Could the data below be copied exactly, minus the pictures?

START EXCERPTED DATA

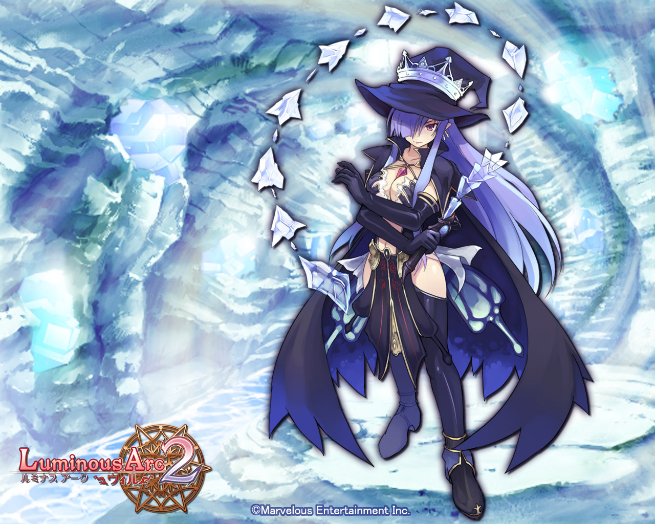 1girlblue hairbootsbreastscleavagecrossed armscrownearringselbow glovesfemale focusgloveshair over one eyehathip focusicejewelrylarge breastslong hairmidriffnavelpendantpurple eyessolothigh bootsthighhighswhite crownwitchwitch hat
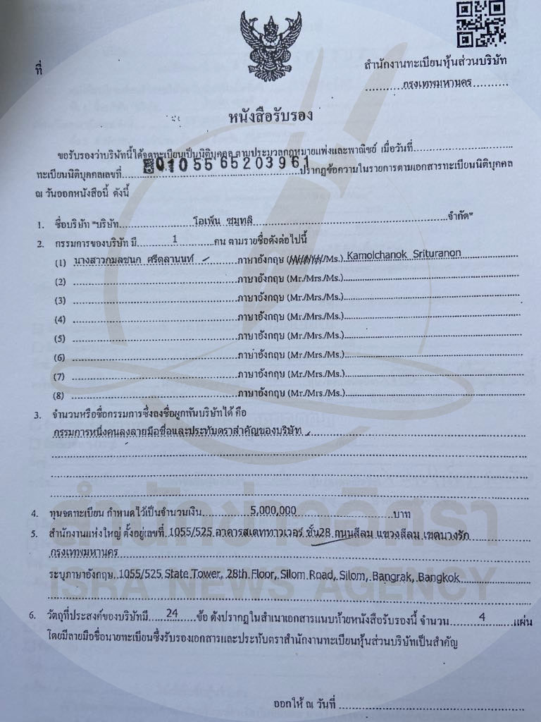 2. บริษัท โอเพ็น ซมูทลิ จำกัด (OPEN SMOOTLY CO., LTD.) จดทะเบียนวันที่ 27 ธันวาคม
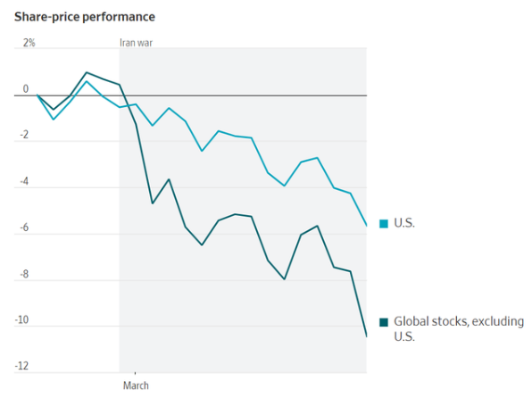 从上图可以看出,“走向全球化”的叙事显然已被颠覆——即“卖出美国”资产。这正对美国以外的股市造成震荡,令年初买入该策略的投资者遭受重创。现在,鉴于美国经济能源独立(美国是能源净出口国),全球投资者现在开始将长期冲突的预期计入股价。
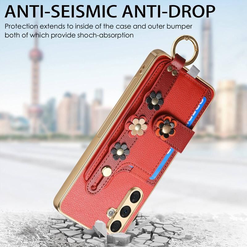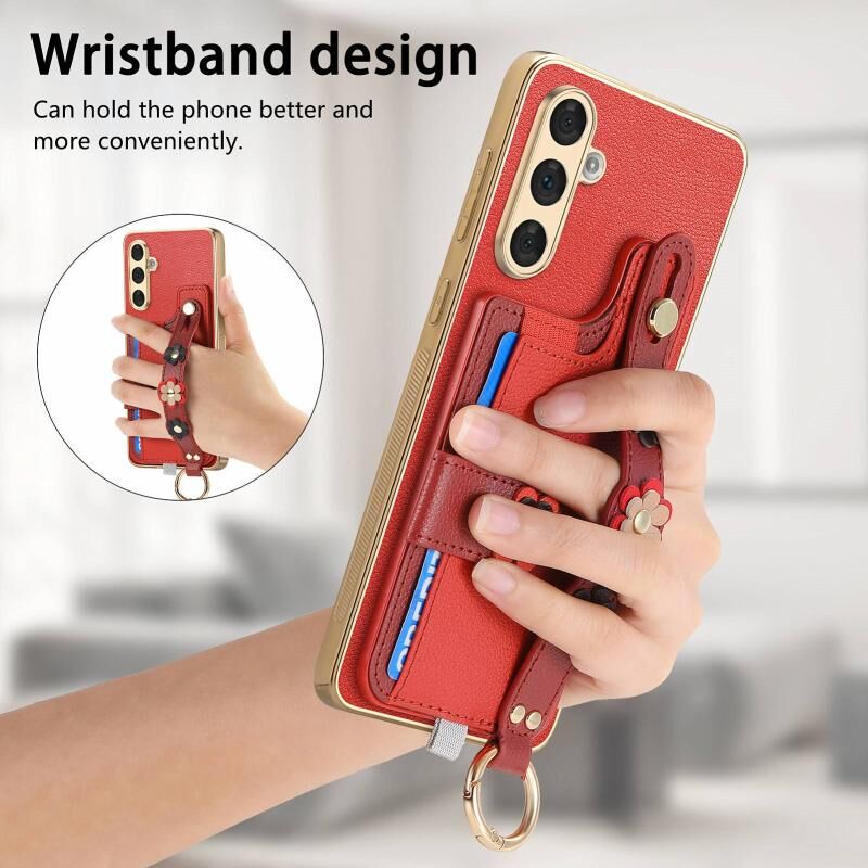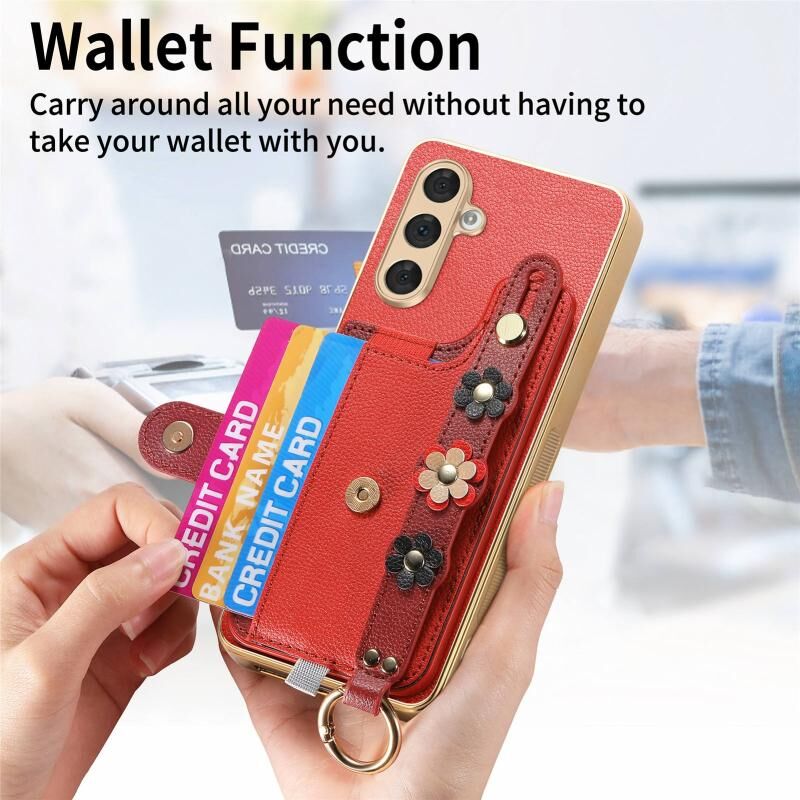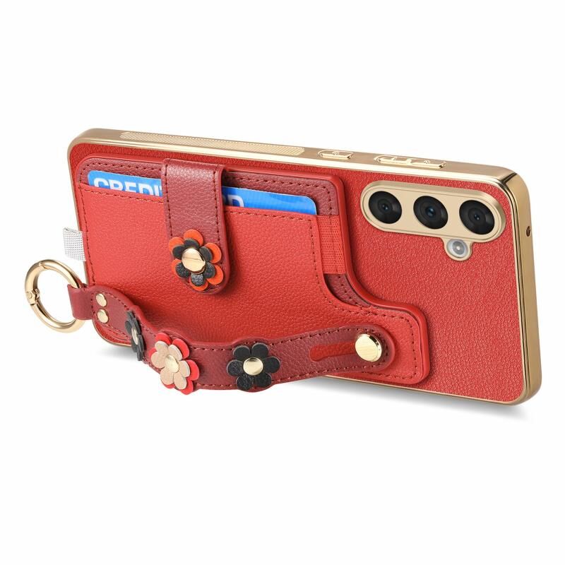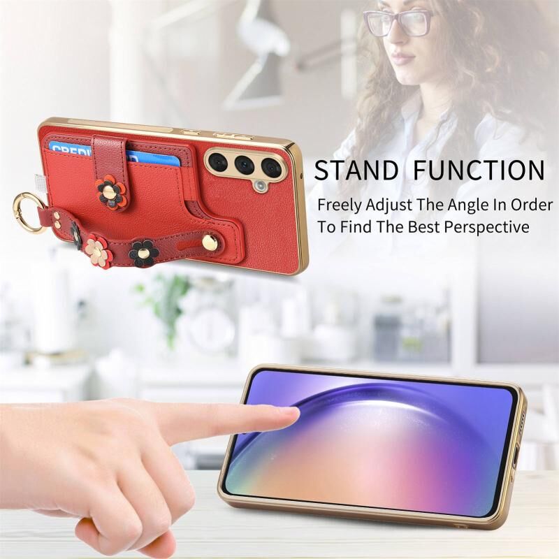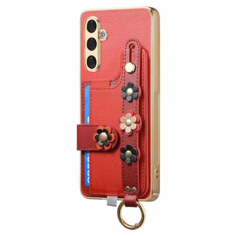 Για Samsung Galaxy A54 5G Στερεοσκοπική λουλούδια Wristband κάρτα τσάντα υπόθεση τηλεφώνου (Κόκκινο)
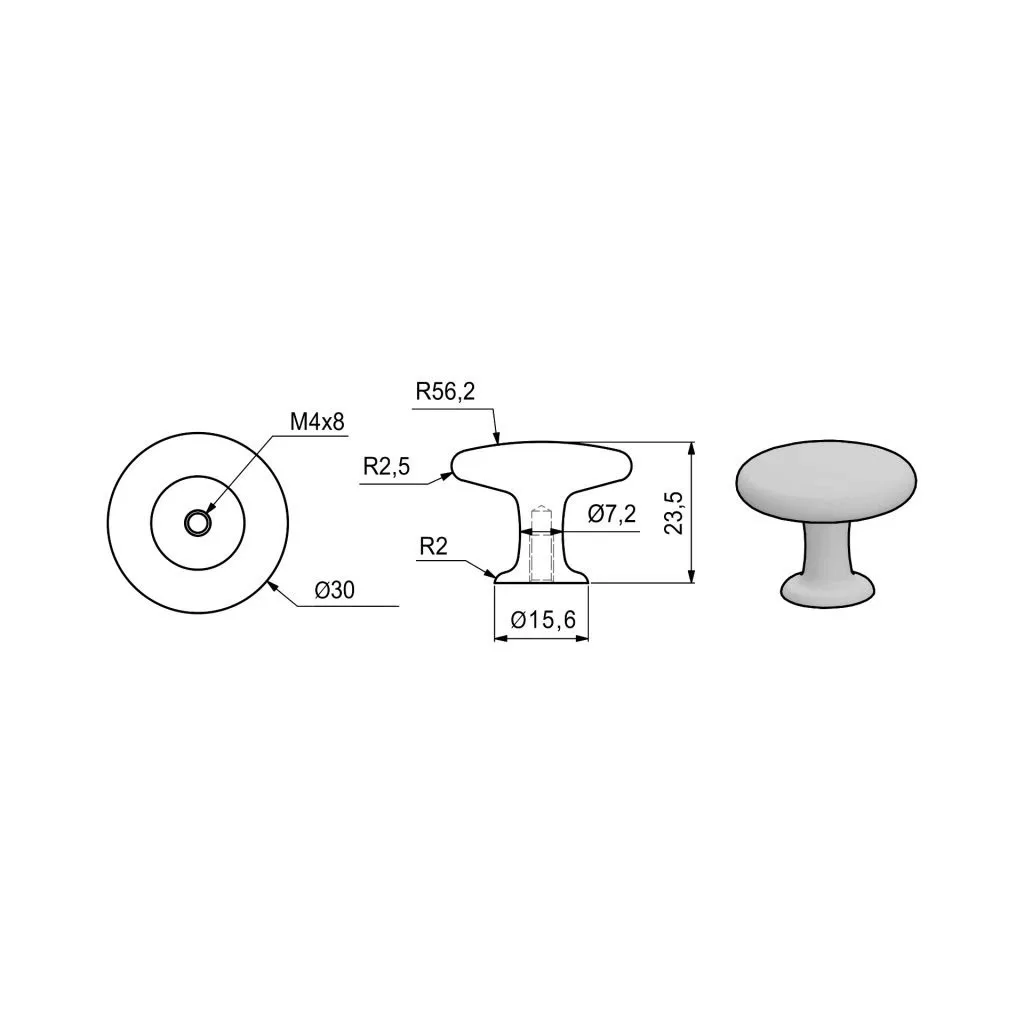 Daira bútorgomb klasszikus dizájnnal, szálcsiszolt szatén nikkel kivitelben, 30 mm átmérőjű és 24 mm magas. A csomag tartalmaz egy rögzítőcsavart.
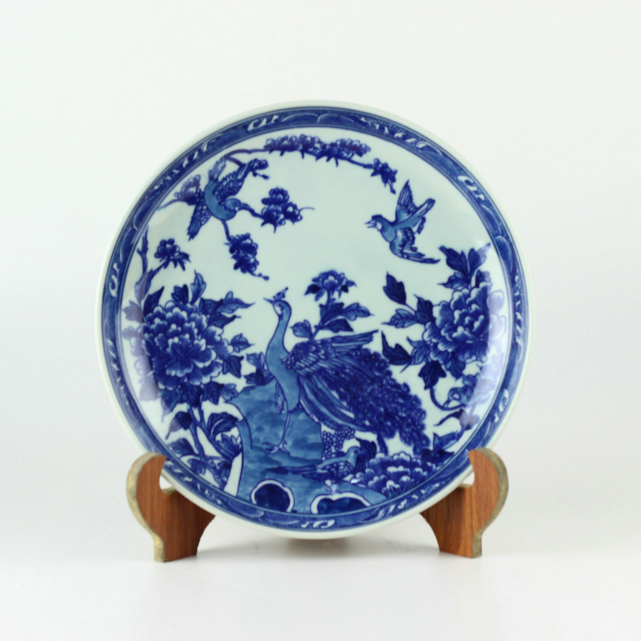 Jingdezhen 세라믹 손으로 그린 파란색과 흰색 접시 도자기 접시 용과 피닉스 꽃과 새 감사 판 교수형 플레이트 홈 장식 선물 컬렉션스토어 가기
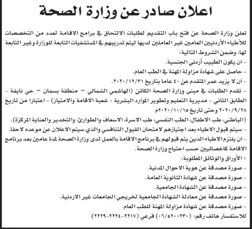 أحداث اليوم - أعلنت وزارة الصحة، اليوم الاثنين، عن فتح باب التقديم لطلبات الالتحاق في برامج الاقامة.وتاليا الاعلان:
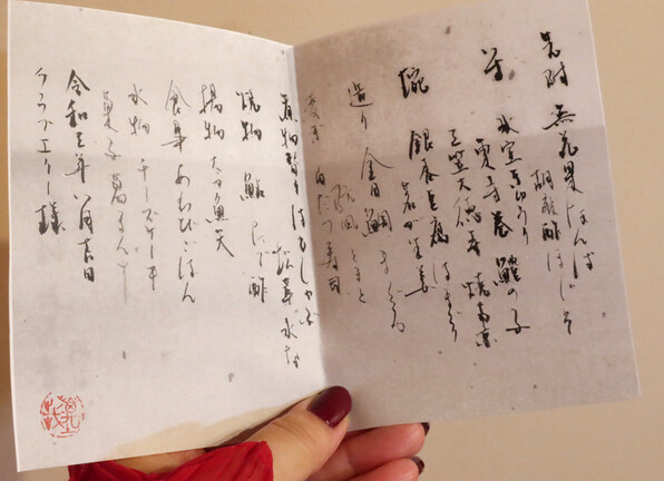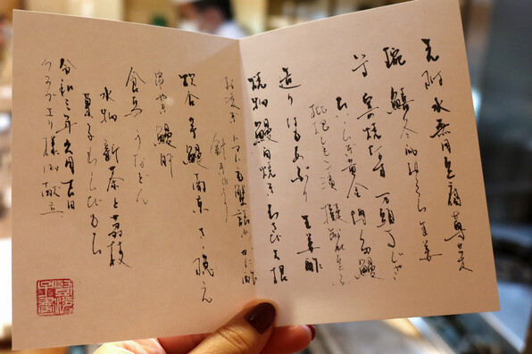 店主の寺田慎太郎さんの直筆です。本当にきれいにお書きになります。
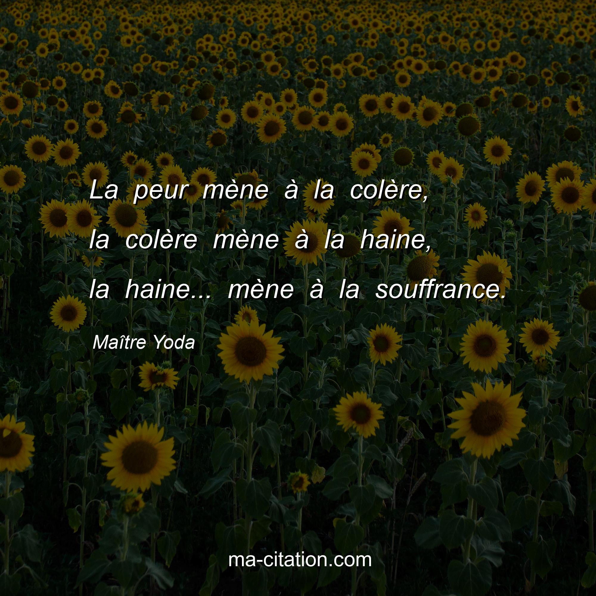 Citation sur la vie de Maître Yoda :La peur mène à la colère, la colère mène à la haine, la haine... mène à la souffrance.
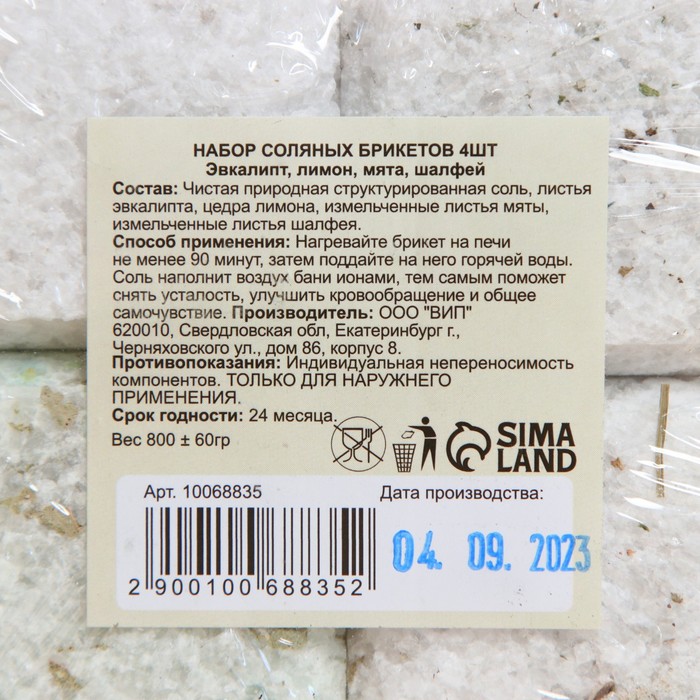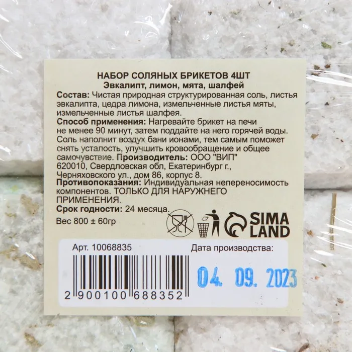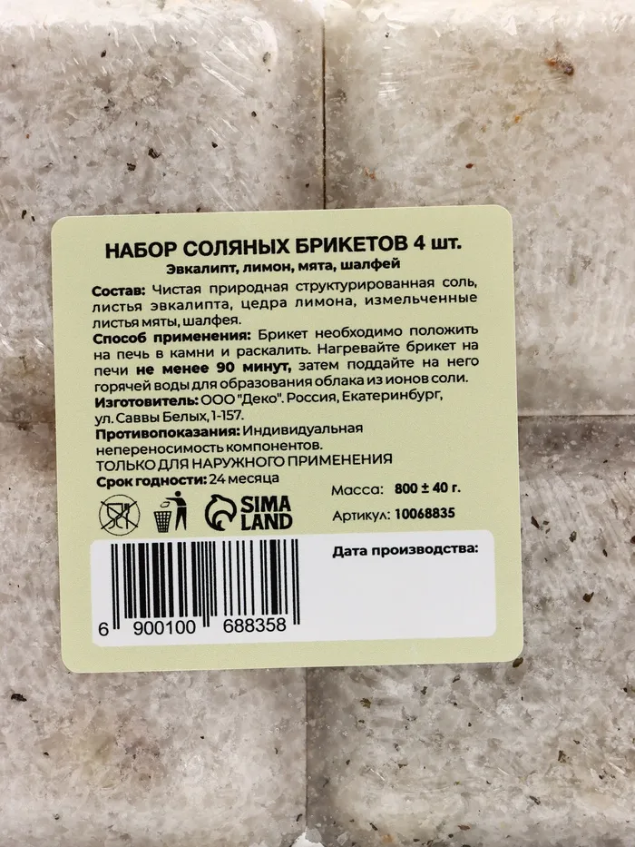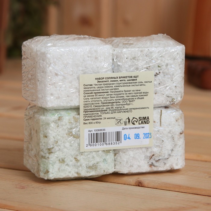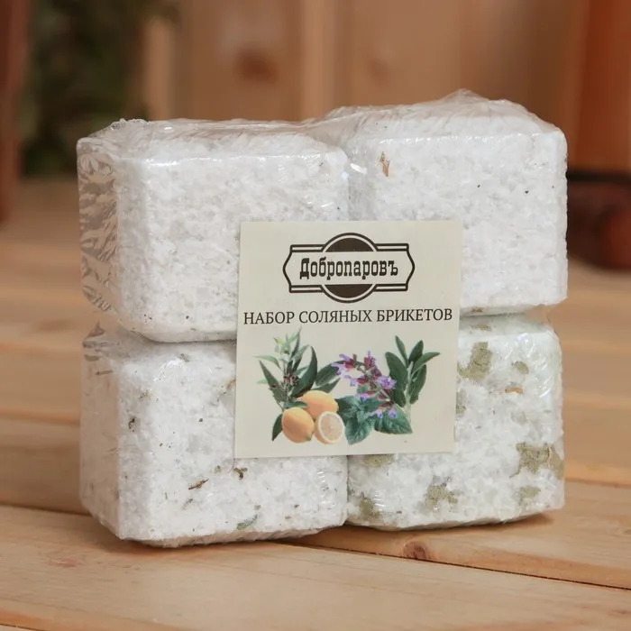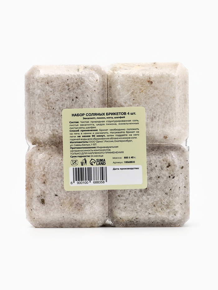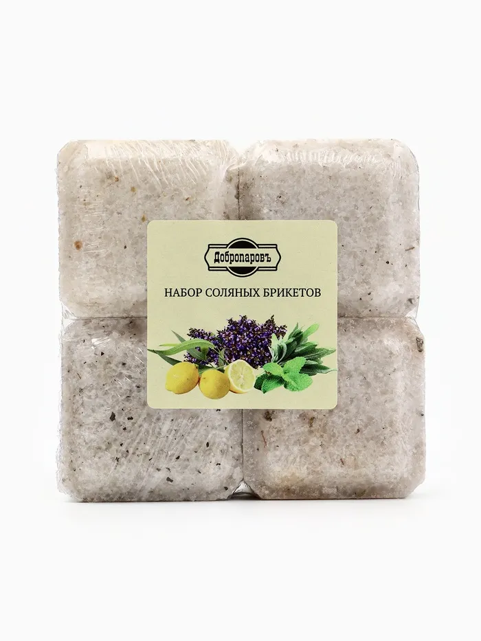Соляной брикет — набор 4 шт. «Эвкалипт, Лимон, Мята, Шалфей» — это гармоничное сочетание пользы гималайской соли и целебных свойств эфирных масел. Каждый брикет весом около 200 г наполняет парную мягким, но насыщенным ароматом, создавая атмосферу природного SPA.

END EXCERPTED DATA

ANSWER AREA>
 1girlblue hairbootsbreastscleavagecrossed armscrownearringselbow glovesfemale focusgloveshair over one eyehathip focusicejewelrylarge breastslong hairmidriffnavelpendantpurple eyessolothigh bootsthighhighswhite crownwitchwitch hat
 2. บริษัท โอเพ็น ซมูทลิ จำกัด (OPEN SMOOTLY CO., LTD.) จดทะเบียนวันที่ 27 ธันวาคม
 从上图可以看出,“走向全球化”的叙事显然已被颠覆——即“卖出美国”资产。这正对美国以外的股市造成震荡,令年初买入该策略的投资者遭受重创。现在,鉴于美国经济能源独立(美国是能源净出口国),全球投资者现在开始将长期冲突的预期计入股价。
 Για Samsung Galaxy A54 5G Στερεοσκοπική λουλούδια Wristband κάρτα τσάντα υπόθεση τηλεφώνου (Κόκκινο)
 Daira bútorgomb klasszikus dizájnnal, szálcsiszolt szatén nikkel kivitelben, 30 mm átmérőjű és 24 mm magas. A csomag tartalmaz egy rögzítőcsavart.
 Jingdezhen 세라믹 손으로 그린 파란색과 흰색 접시 도자기 접시 용과 피닉스 꽃과 새 감사 판 교수형 플레이트 홈 장식 선물 컬렉션스토어 가기
 أحداث اليوم - أعلنت وزارة الصحة، اليوم الاثنين، عن فتح باب التقديم لطلبات الالتحاق في برامج الاقامة.وتاليا الاعلان:
 店主の寺田慎太郎さんの直筆です。本当にきれいにお書きになります。
 Citation sur la vie de Maître Yoda :La peur mène à la colère, la colère mène à la haine, la haine... mène à la souffrance.
Соляной брикет — набор 4 шт. «Эвкалипт, Лимон, Мята, Шалфей» — это гармоничное сочетание пользы гималайской соли и целебных свойств эфирных масел. Каждый брикет весом около 200 г наполняет парную мягким, но насыщенным ароматом, создавая атмосферу природного SPA.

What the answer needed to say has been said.